• Left ventricular ejection fraction (LVEF) [ Time Frame: 12 months ]
  Percentage of improvement in left ventricular ejection fraction (LVEF) on transthoracic echocardiography and cardiac magnetic resonance imaging (MRI)
• Final diastolic and systolic volumes [ Time Frame: 12 months ]
  Percentage of improvement of the final diastolic and systolic volumes on transthoracic echocardiography and cardiac MRI
• Left ventricule viability [ Time Frame: 12 months ]
  Effect on viability, defined as a percentage of wall involvement, and improvement in segment-to-segment contractility measured with MRI
• Ventricular arrhythmias [ Time Frame: 12 months ]
  Incidence of ventricular arrhythmias defined as nonsustained ventricular tachycardia (NSTV) or high- or low-grade ventricular extrasystoles

• Estimated functional status [ Time Frame: 12 months ]
  Recovery of the estimated functional status according to the New York Heart Association (NYHA) classification
• Change in the median score of Quality of life [ Time Frame: 12 months ]
  Change in the median score for quality of life of the Minnesota Living with Heart Failure Questionnaire (MLHFQ)
• Delayed enhancement of the left ventricle [ Time Frame: 12 months ]
  Changes in the delayed enhancement of the left ventricle on MRI, defined as percentage of the wall thickness involved when adding each segment visually
• Improvement in the 6-minute walk test [ Time Frame: 12 months ]
  Improvement in the 6-minute walk test, defined as the percentage of change of the distance traveled
• Mortality at 3 and 12 months due to cardiovascular causes [ Time Frame: 12 months ]
  Mortality at 3 and 12 months due to cardiovascular causes
• Mortality at 3 and 12 months due to all causes [ Time Frame: 12 months ]
  Mortality at 3 and 12 months due to all causes

Ischemic heart disease is one of the most important causes of mortality and morbidity in the Western world and is a public health problem. Among ischemic heart diseases, myocardial infarction has specific significance because the cardiac muscle does not have sufficient and adequate capacity to regenerate; therefore, necrosis of a region leads to the formation of a fibrous scar. Infarction can lead to a progressive and irreversible decrease in cardiac function, resulting in heart failure (HF) syndrome, depending on the area affected by this scar, via a ventricular remodeling mechanism.

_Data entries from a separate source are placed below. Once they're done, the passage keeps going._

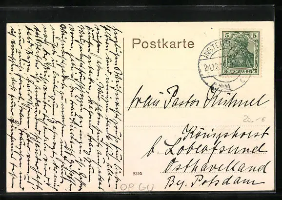 Personenbezogene Daten auf der Rückseite der Karte wurden durch blauen Textmarker unkenntlich gemacht. Die blauen Stellen sind auf die Vorderseite durchgeweicht und wirken sich negativ auf das Postkartenfoto aus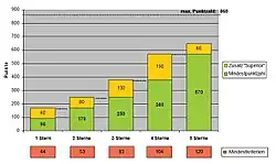 Zur Vergabe der Sterne der Deutschen Hotelklassifizierung gelten definierte Mindestvoraussetzungen.[9] Es gilt das Prinzip: Je mehr Sterne, desto mehr Merkmale müssen vom Hotel beziehungsweise dem Beherbergungsbetrieb erfüllt sein. Dabei wird zwischen Mindestkriterien und fakultativen Merkmalen unterschieden. Die Mindestkriterien sind von jedem Betrieb für die jeweilige Kategorie zu erfüllen. Mit den fakultativen Kriterien hingegen können die Betriebe zusätzliche Punkte sammeln, sie sind nicht verpflichtend für eine Kategorie vorgeschrieben.[10] Überschreitet ein Betrieb die vorgegebene Mindestpunktzahl für eine Kategorie deutlich, ohne jedoch die Mindestkriterien der nächsthöheren Kategorie zu erfüllen, so darf er den Zusatz „Superior“ führen.[11]
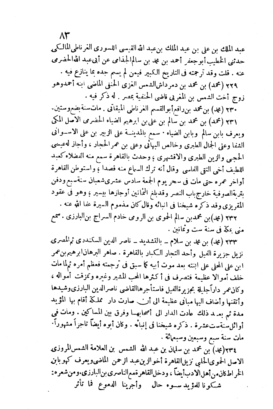 231 - مُحَمَّد بن مُحَمَّد بن سَالم بن عَليّ بن إِبْرَاهِيم الضياء الْحَضْرَمِيّ الاصل الْمَكِّيّ وَيعرف بِابْن سَالم بِابْن الضياء. / سمع بِالْمَدِينَةِ على الزبير بن عَليّ الاسواني الشفا وعَلى الْجمال الطَّبَرِيّ وخالص البهائي وعَلى بن عمر الحجار، وَأَجَازَ لَهُ عِيسَى الحجي والزين الطَّبَرِيّ والاقشهري، وَحدث بِالْقَاهِرَةِ سمع مِنْهُ الْفُضَلَاء كَعبد اللَّطِيف أخي التقي الفاسي وَقَالَ أَنه ترك السماع مِنْهُ قصدا، واستوطن الْقَاهِرَة أَوَاخِر عمره حَتَّى مَاتَ فِي سحر يَوْم الْجُمُعَة سادس عشري شعْبَان سنة سبع وَدفن بتربة الصُّوفِيَّة خَارج بَاب النَّصْر وَقد بلغ الثَّمَانِينَ أَو جازها بِيَسِير، وَهُوَ عُقُود المقريزي وَقد ذكره شَيخنَا فِي انبائه وَقَالَ كَانَ مَذْمُوم السِّيرَة عَفا الله عَنهُ.

In recent years, HF has been revealed as a major public health problem due to its incidence and its social, economic and especially human impact, as it represents a serious limitation of the quality of life of individuals. The prevalence of HF in the general population of the United States and the United Kingdom is approximately 1%, and in those older than 75 years, the prevalence varies between 5 and 10%. Regarding its prognosis, recent data from the Framingham Study indicate that at 5 years, the mortality rate of HF is 75% in men and 62% in women; the mean mortality rate of all cancers is 50%.

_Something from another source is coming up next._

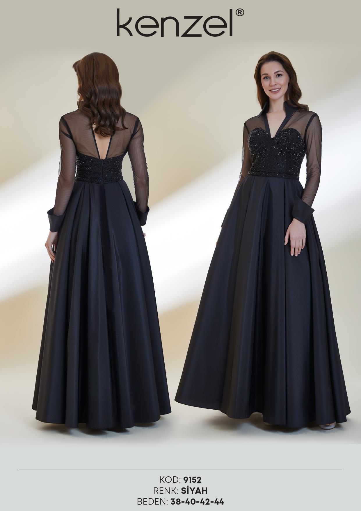 Kenzel Yaka ve Kol Detaylı Abiye Elbise-9152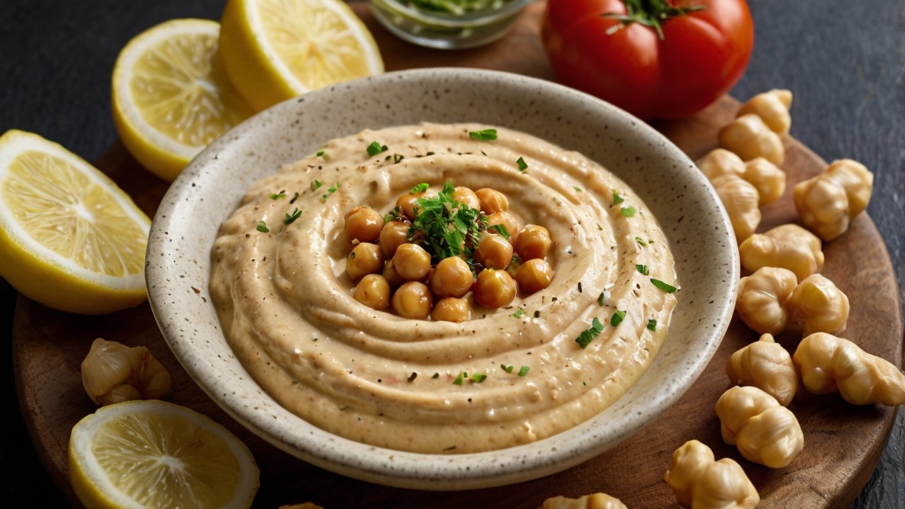 Chickpeas with sesame seed sauce, garlic, salt, lemon juice.

The molecular basis of congestive HF is the absence of cardiac cells capable of regenerating the heart muscle. Despite the publication of recent studies suggesting the existence of stem cells capable of regenerating cardiomyocytes destroyed because of myocardial infarction, in humans, the capacity of these cells is insufficient to replace the cells destroyed due to necrosis secondary to ischemia.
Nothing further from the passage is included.